«Парадоксально и, тем не менее, верно, что кризис идентичности часто вызывает регрессию к более архаичным и примитивным ценностям: поскольку „я“ отвергает непосредственно зримые структуры самости и при этом не перестает нуждаться в самости, опасаясь остаться всего лишь абстрактной функцией идентификации, его выбор начинает определяться более старыми структурами. Чувство дезориентации, характерное для любого кризиса идентичности, может, далее, увеличить шансы на успех тоталитарных идеологий: ведь они предлагают простые решения, которые могут оказаться предпочтительнее нормативного вакуума; они приманивают обещанием общности, которая была разрушена кризисом коллективной идентичности и которая по-прежнему остается предметом страстного стремления»[382]
.Живописуя национально-патриотическое возрождение, Сорокин лишь экстраполирует в будущее, доводя до сатирического гротеска, нынешние государственные тенденции[383]
, имеющие очевидные причины: «…крах реформационных иллюзий и ожиданий неизбежно должен был обернуться возвратом к каким-то разновидностям идеологии „целого“. <…> Таким суррогатом общества как целого могла быть лишь фикция „народа“ в его прошлом. Иначе говоря, признание самого факта несостоятельности гражданского общества вело к консервативно-органической утопии „национального прошлого“, утопии великой державы, обладавшей-де особой миссией в мире» (Л. Гудков[384]). Возрождение Руси в «Дне опричника» обеспечено усилением религиозности в обществе[385] (Комяга поутру истово молится). Тут уместно вспомнить и литературные аналоги (обязательное крещение присоединенных к Московскому княжеству земель, как оно описано в романе А. Иванова), и реальные «прообразы» (использование российскими политиками апелляций к православию как к новой идеологии)[386], воцарение средневеково-туристического «русского духа», описанное в романе, также взято, кажется, из новейшей московской градостроительной практики[387]. Нашло в романе воплощение и усиление в современной политической жизни роли спецслужб. Возрожденная опричнина становится самой важной силой в обществе: опричники приближены к царю, выступают как цензоры искусств, контролируют экономическую деятельность, по заданию начальников и самого монарха активно ищут «внутренних врагов» («смутьянов-борзописцев»), а на Лубянской площади вместо памятника Дзержинскому (необходимость восстановления которого доказывают сегодня советские реваншисты) стоит памятник Малюте Скуратову…[388] В стране господствует цензура, перед старым зданием Университета на Манежной площади секут интеллигенцию, диссиденты вещают по «голосам» из-за границы…Усиление репрессивных органов и, шире, тенденций — деталь весьма характерная: она демонстрирует нам, несмотря на заверения рассказчика (лица, кстати, заинтересованного), подспудную слабость государства, наличие в нем внутренних противоречий (иначе зачем нужны столь сильные «органы»?[389]

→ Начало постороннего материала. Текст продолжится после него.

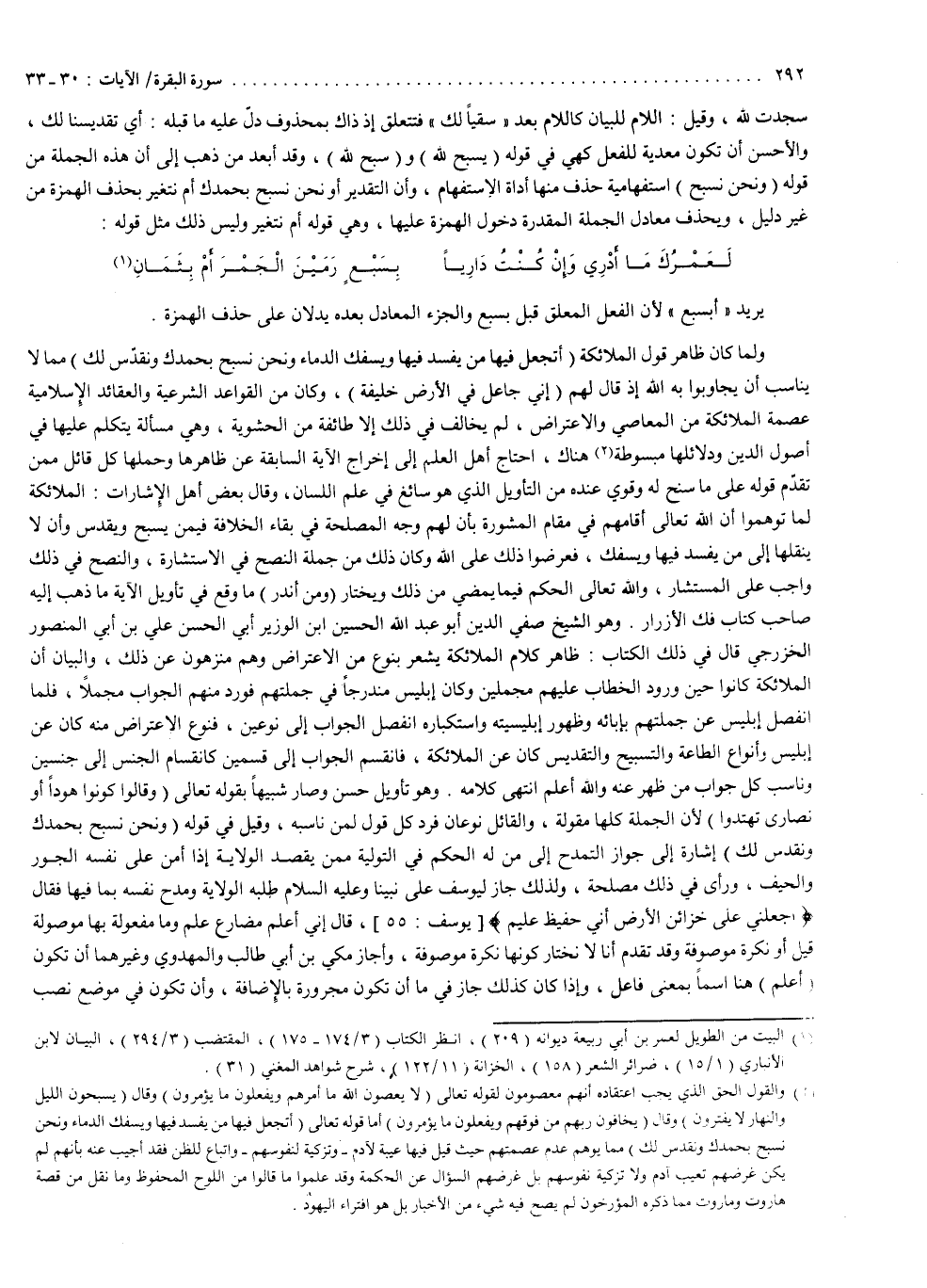 يريد : أبسبع ، لأن الفعل المعلق قبل بسبع والجزء المعادل بعده يدلان على حذف الهمزة . ولما كان ظاهر قول الملائكة : ) أَتَجْعَلُ فِيهَا مَن يُفْسِدُ فِيهَا وَيَسْفِكُ الدِّمَاء وَنَحْنُ نُسَبّحُ بِحَمْدِكَ وَنُقَدّسُ لَكَ ( ، مما لا يناسب أن يجاوبوا به الله ، إذ قال لهم : ) إِنّي جَاعِلٌ فِى الارْضِ خَلِيفَةً ). وكان من القواعد الشرعية والعقائد الإسلامية عصمة الملائكة من المعاصي والاعتراض ، لم يخالف في ذلك إلا طائفة من الحشوية . وهي مسألة يتكلم عليها في أصول الدين ، ودلائلها مبسوطة هناك ، احتاج أهل العلم إلى إخراج الآية السابقة عن ظاهرها وحملها كل قائل ممن تقدّم قوله على ما سبح له ، وقوي عنده من التأويل الذي هو سائغ في علم اللسان . وقال بعض أهل الإشارات : الملائكة لما توهموا أن الله تعالى أقامهم في مقام المشورة بأن لهم وجه المصلحة في بقاء الخلافة فيمن يسبح ويقدس ، وأن لا ينقلها إلى من يفسد فيها ويسفك ، فعرضوا ذلك على الله ، وكان ذلك من جملة النصح في الاستشارة ، والنصح في ذلك واجب على المستشار ، ولله تعالى الحكم فيما يمضي من ذلك ويختار .

).Не обошлось и без усугубления ксенофобии и антисемитизма — погромы остались в прошлом, Комяга «на всякий случай» оговаривает, что к евреям относится толерантно, однако принят государев указ «О именах православных», по которому «все граждане российские, не крещенные в православие, должны носить не православные имена, а имена, соответствующие национальности их», что само по себе напоминает еще одну деталь советского прошлого — тотальное раскрытие в советских газетах псевдонимов, взятых евреями, во время кампании против «безродных космополитов» в конце 1940-х годов, а в пределе — обязательные знаки на одежде евреев на территориях, оккупированных нацистскими войсками во время Второй мировой войны. Само же обращение к традиции древних времен тоже на поверку является гротескным развитием тенденций дня сегодняшнего: исследователи отмечают, что в советские времена (к которым, как полагают многие аналитики, у властей сейчас есть склонность обращаться как к идеальному образцу) уже были определенные черты, пришедшие явно из русского Средневековья, — например, система номенклатурных столовых и продовольственных заказов для «избранных» очень напоминала феодальную систему «кормления»[390]
.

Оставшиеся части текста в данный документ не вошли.